Now, we will geocode the intersection names so you we can use the coordinates of the intersection to help impute missing observations.

#Using an API Key set up for NN R training -- please use your own API key below
set_key('<YOUR API KEY HERE>')
coord_local = 3759 # Pulled for Honolulu from https://nelsonnygaard.shinyapps.io/coord-system-reference/

uq_intersections = expanded_tibble %>%
  distinct(intersection_id,intersection_name) %>%
  #Fetch geocode result for each unique intersection name
  mutate(geocode_result = map(intersection_name,function(int_string){
    
    #Append with Honolulu, HI to help Google find the intersection
    geo_string = paste0(int_string,", Honolulu, HI")
    
    geo_result = google_geocode(geo_string,
                                # Provide geocoding bounds to help narrow the search
                                bounds = list(c(21.15836519019052, -158.3157853827537),
                                              c(21.816161973528708, -157.72537889593727)))
    
    #Make sure geocode went OK, missing if not
    if(geo_result$status == "OK"){
      geo_loc = geo_result$results$geometry$location
    }else{
      geo_loc = tibble(lat = NA, lng = NA)
    }
    
    return(geo_loc)
    
  })) %>%
  unnest(geocode_result)

intersection_geom = uq_intersections %>%
  filter(round(lat)==21) %>% # Remove bad geocodes, there was still 1 in there
  #Some locations got multiple results, so after removing the bad one, taking average
  group_by(intersection_id,intersection_name) %>%
  summarise(lat = mean(lat,na.rm=TRUE),lng = mean(lng,na.rm=TRUE)) %>%
  st_as_sf(coords = c("lng","lat"), crs=4326) %>%
  #Transforming to planar coordinates for imputation exercise
  st_transform(coord_local)

intersection_coords = bind_cols(
  intersection_geom %>% st_drop_geometry(),
  intersection_geom %>% st_coordinates() %>%
    as_tibble()
)

Now we can carry out the missing data imputation.

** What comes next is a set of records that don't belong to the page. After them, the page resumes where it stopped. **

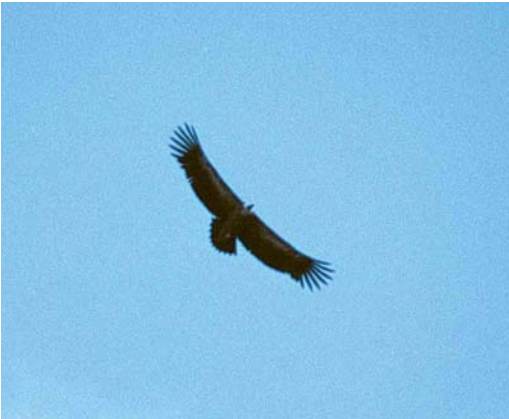
109 Vale Gier / Eurasian Griffon Vulture Gyps fulvus , tweedejaars, Goes, Zeeland, 1 juni 1999
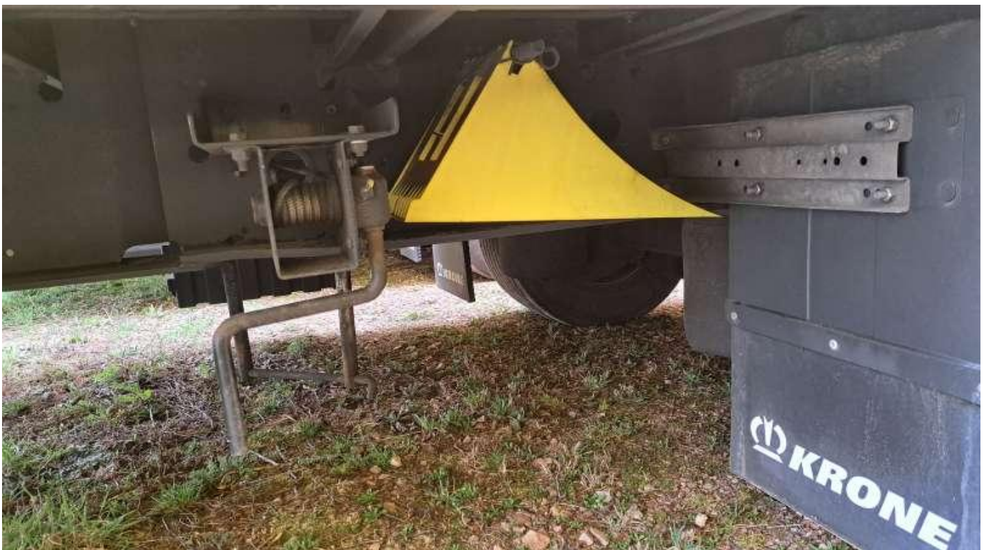
Fot. nr 22
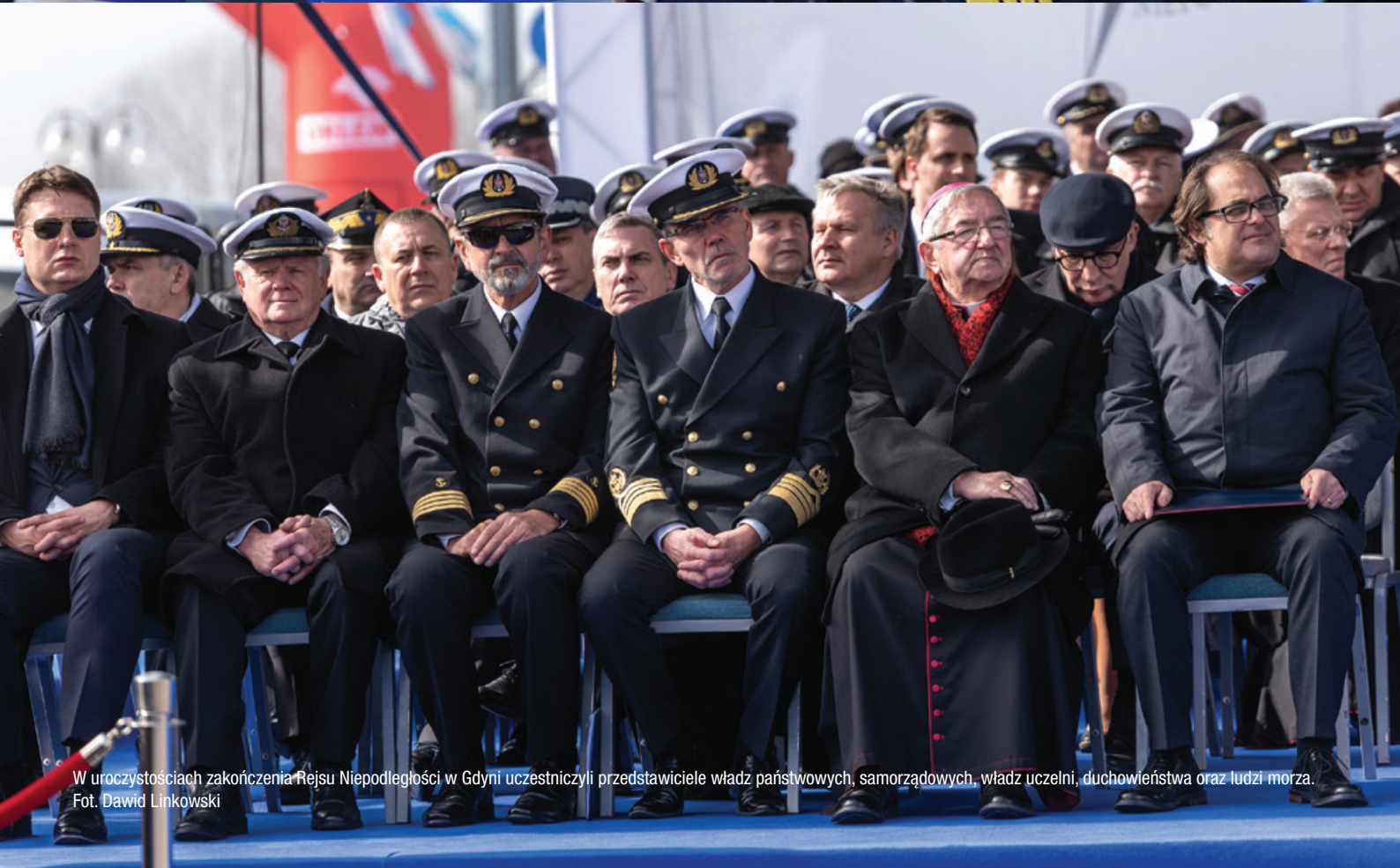
W uroczystościach zakończenia Rejsu Niepodległości w Gdyni uczestniczyli przedstawiciele władz państwowych, samorządowych, władz uczelni, duchowieństwa oraz ludzi morza.
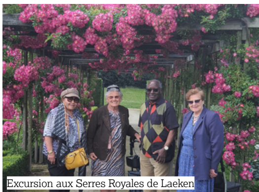
Excursion aux Serres Royales de Laeken

Une des spécificités de Versailles Seniors réside dans ses racines dans le secteur du logement social, permettant aux seniors les plus précarisés de bénéficier de services comparables à ceux offerts dans le secteur privé, à prix démocratiques .
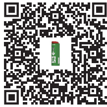
Montageanleitungen für den AlertLatch Türwächter
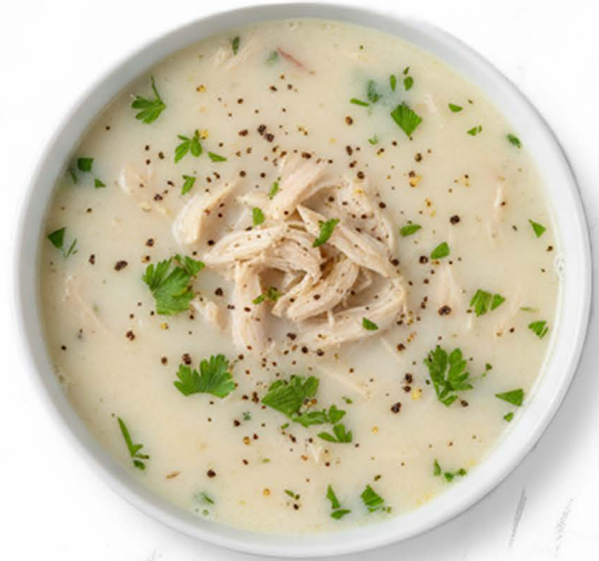
11. Tavuk (A, C) Hühnersuppe
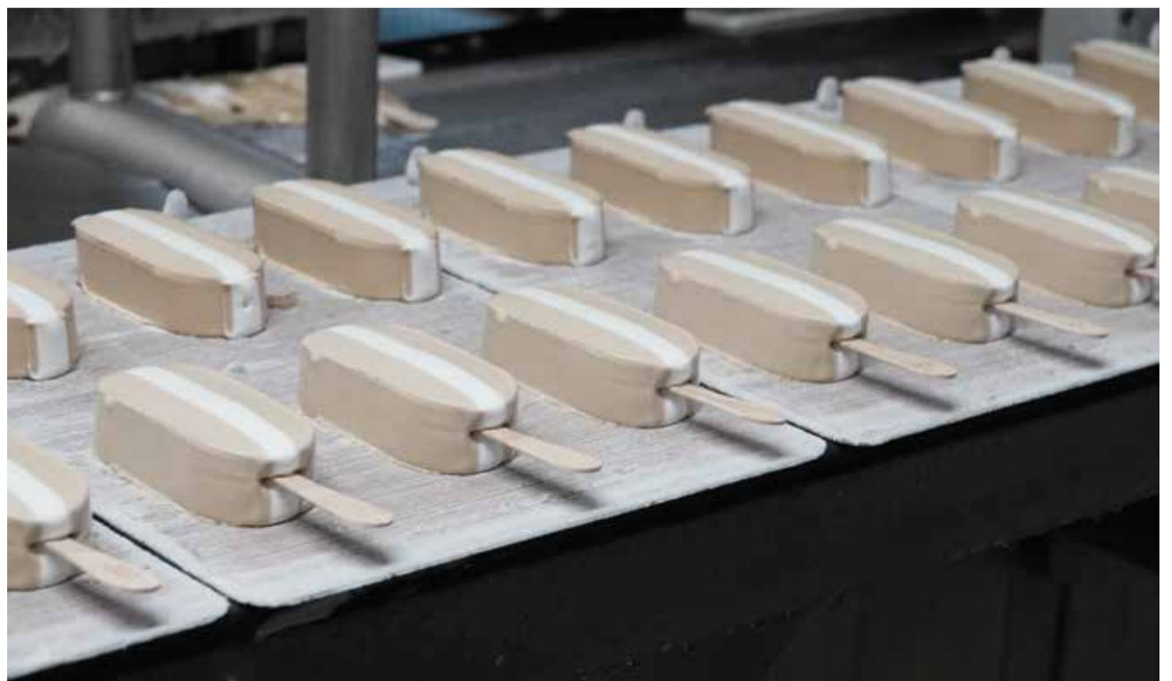
«MegaStar Cappuccino» ist eine von zehn MegaStar-Produkten, die in der Migros verkauft werden.
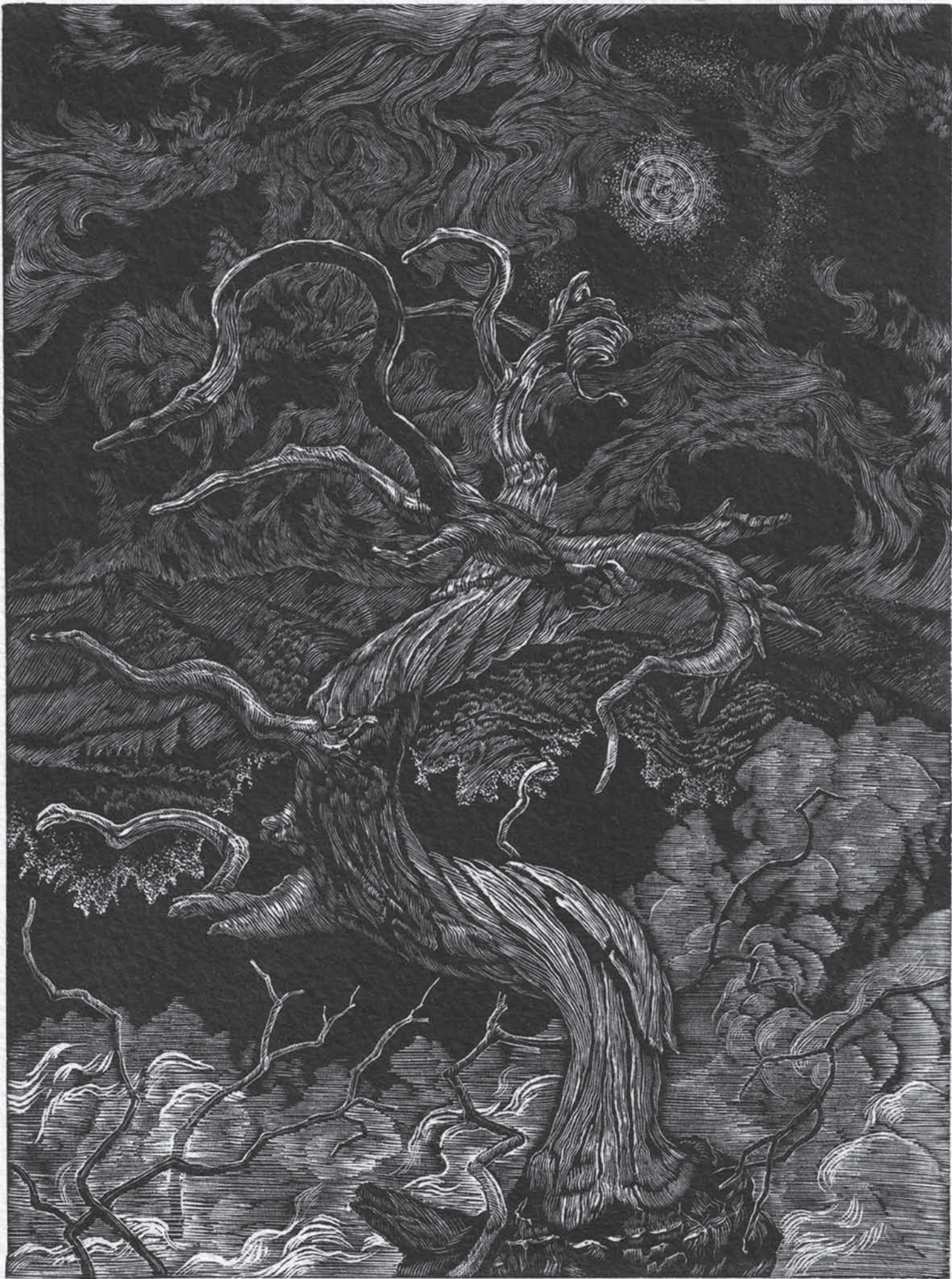
頂の夜 200 mm x 150 mm
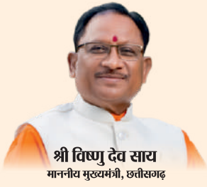
श्री विष्णु देव साय माननीय मुख्यमंत्री, छत्तीसगढ़
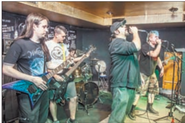
Sidosis, finalistas del XV Pepe Marín Rock
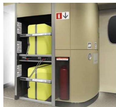
デッキ部の荷物置場 （現「特大荷物コーナー」）

※お客様同士でゆずりあって、ご利用ください。空きスペースがない場合は、従来どおり、荷物棚等をご利用ください。
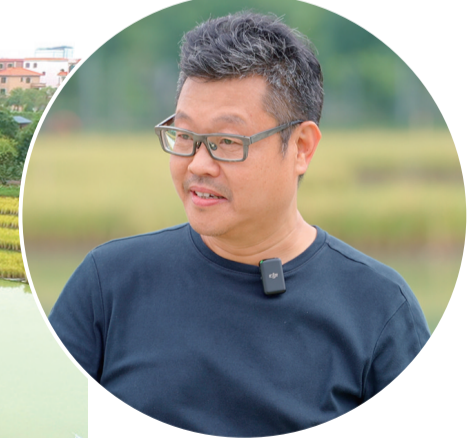
■艺术家、中国美术学院雕塑与公共艺术学院教授沈烈毅。
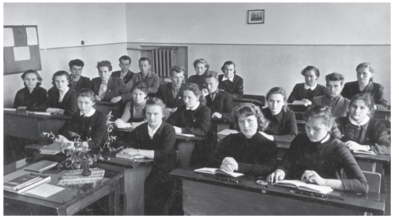
Septītais izlaidums skolas solos.
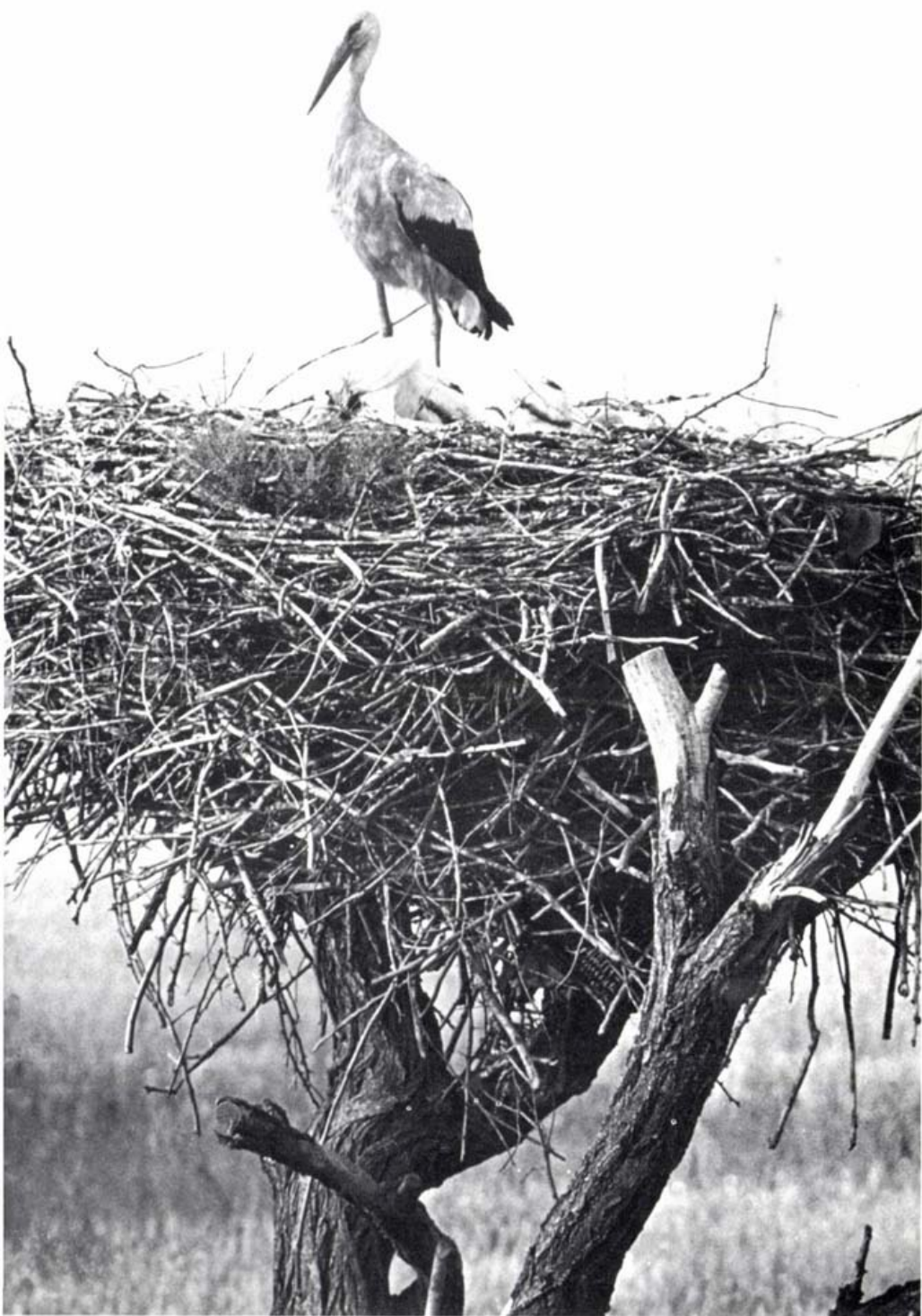
Gólya, fiaival
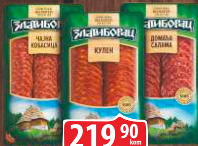
ČAJNA KOBASICA/DOMAĆA SALAMA KULEN ZLATIBORAC 100G SLAJS
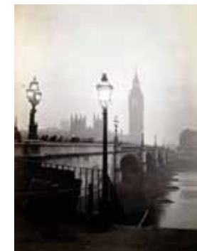
Westminster Bridge par brouillard Fin XIX e début XX e siècle
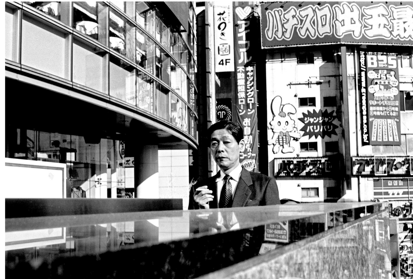
Japon, Tokyo, 2001
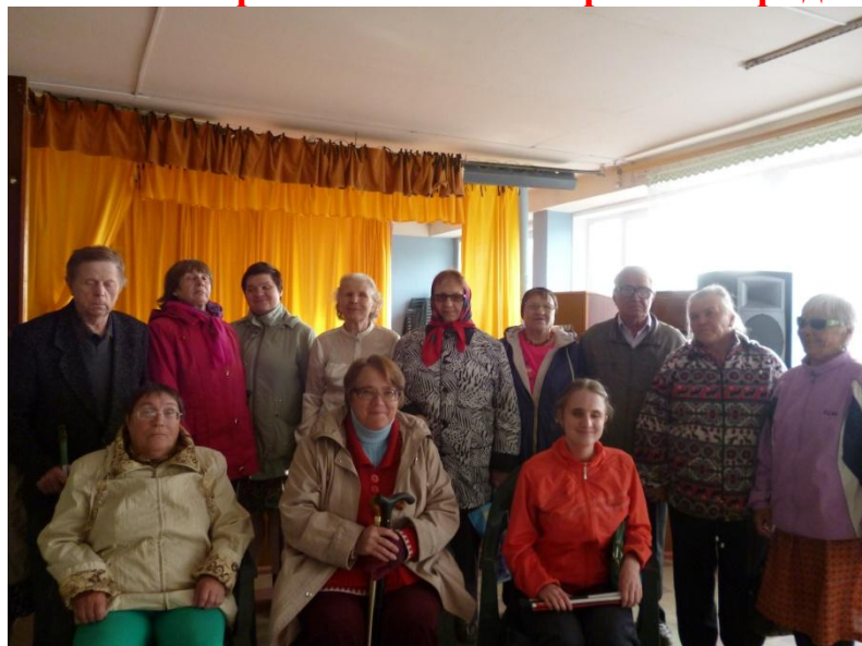
Музыкальный вечер «Ах! Шансон...» 15 сентября 2016 года
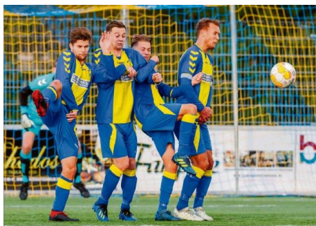
Een muurtje van Olde Veste-spelers ziet de bal aan komen vliegen.

STEENWIJK - Gezien het spel en de kansen was een gelijkspel bij de wedstrijd tussen d'Olde Veste'54 en het bezoekende PKC'83 uit Groningen wel terecht. Halverwege was het 0-0. De blauw-gelen kwamen een kwartier voor tijd op een 1-0 voorsprong, maar amper twee minuten later was het ook alweer 1-1.
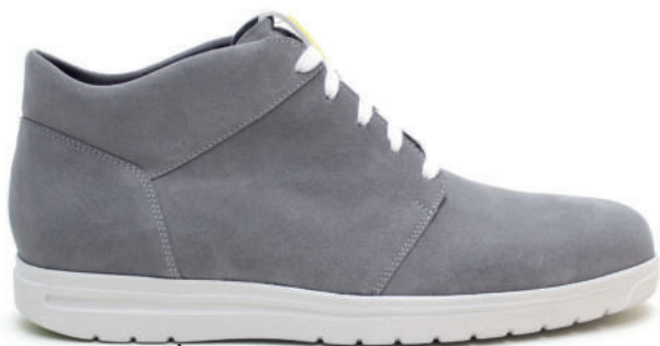
1505.7736 Licht grijs
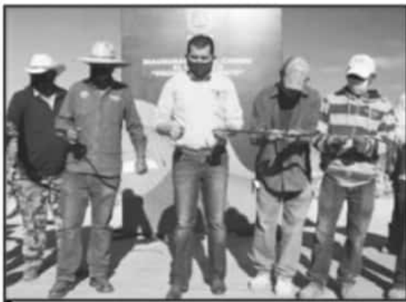
AUTORIDADES MUNICIPALES Y ALGUNOS HABITANTES INAUGURARON LA OBRA.

En lo que hace a las trayectorias existentes en la Universidad de la Ciénega del Estado de Michoacán de Ocampo (UCEMICH) se dio a conocer el calendario de nuevo ingreso a partir del 3 de febrero próximo, en que se comenzará con las solicitudes de fichas y exámenes de nuevo ingreso, mismo que será aplicado del 30 de junio al dos de julio de este año y finalmente, para quienes acrediten el examen, las inscripciones se realizarán el 2 y 3 de agosto vía correo electrónico.
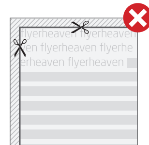
■ Fig. 2: Texte bitte immer mit einem Sicherheitsabstand zur Schneidekante anlegen. // Fig. 2: Please insert text always with a safety margin from the cutting edges.
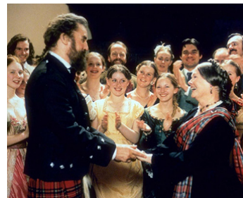
1996 LA DAME DE WINDSOR (Mrs Brown) de John Madden avec Billy Connolly
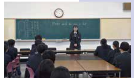
アドバンスクラス生徒対象 合格体験講話

アドバンスクラスは、明確に大学進学希望を持つ生徒のために、2年次から編成しています。もちろん他のクラスからの大学進学も可能ですが、このクラスでは2・3年次でそれぞれ外部講師による進学講話やガイダンス、特別集中講義などのプログラムを用意しています。希望者対象の大学見学会もあります。
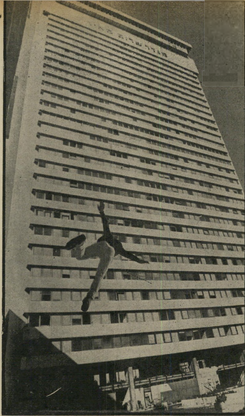
"...ניסיתי כמה פעמים, עד שעמד לי כוחי לקפוץ..."

הדודה דיברו רק אידיש ופולנית. לא שיחקתי עם הילדים. הם צחקו ממני בגלל הבגדים שלי ושאני לא יודע עברית. בכלל גם אני לא רציתי לשחק איתם. הם היו מלוכלכים. הייתי כל הזמן לבד. טיילתי לבד, שיחקתי לבד. הכל לבד. לא היה לי עם מי לדבר.
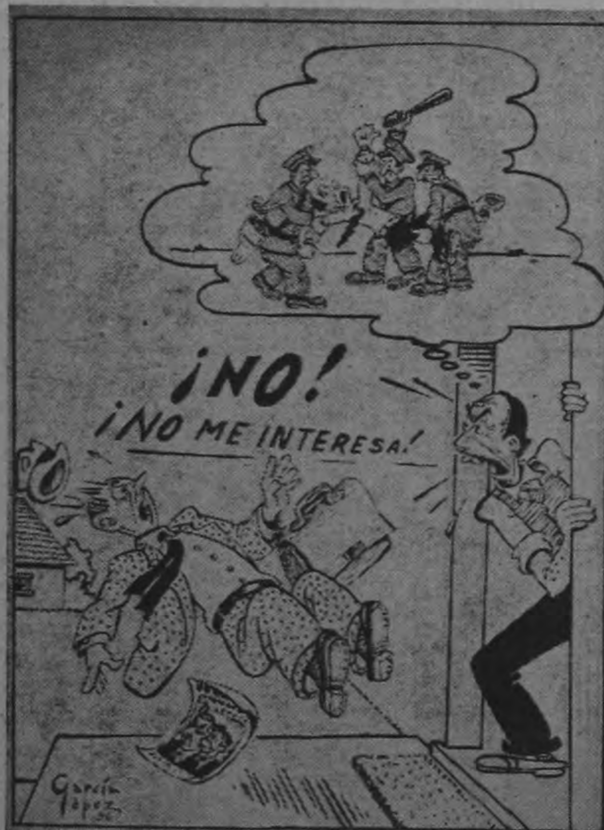
HAY COSAS QUE NO SE PUEDEN OLVIDAR
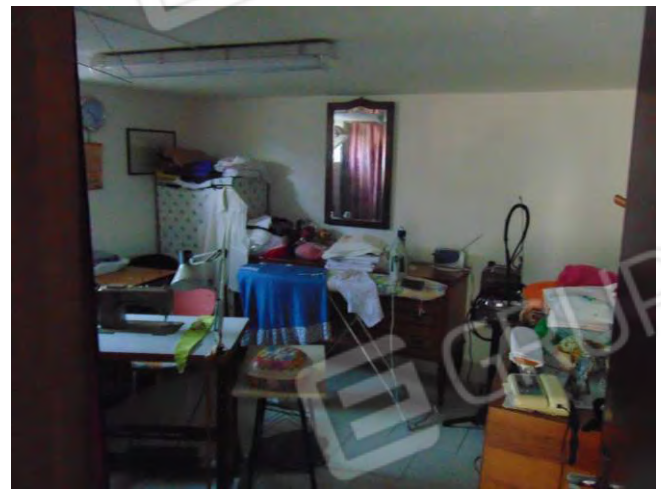
Locale cantina esclusiva
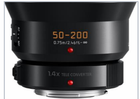
Telekonverter (1,4x und 2,0x) optional

Mit seinem lichtstarken Brennweitenbereich vom 50 bis 200mm bietet dieses Zoom der Leica DG Vario-Elmarit F2,8-4,0-Serie trotz seiner Kompaktheit eine beachtenswerte Möglichkeit entfernte Objekte heran zu holen. Diese kann über optionale Konverter sogar auf bis zu 800mm (KB) erweitert werden. Das von LEICA zertifizierte Objektiv garantiert höchste Auflösung und geringste Verzeichnung durch seine spezielle Linsenstruktur.

Often, I use the {mice} package for this, which does much of the work for you in imputing missing values. However, to better show you what is going on in the process of imputation, I am setting up my own Random Forest model below using the {parsnip} package. I used a random forest model because it is extremely flexible, but there are many others that could have been used (e.g., linear regression).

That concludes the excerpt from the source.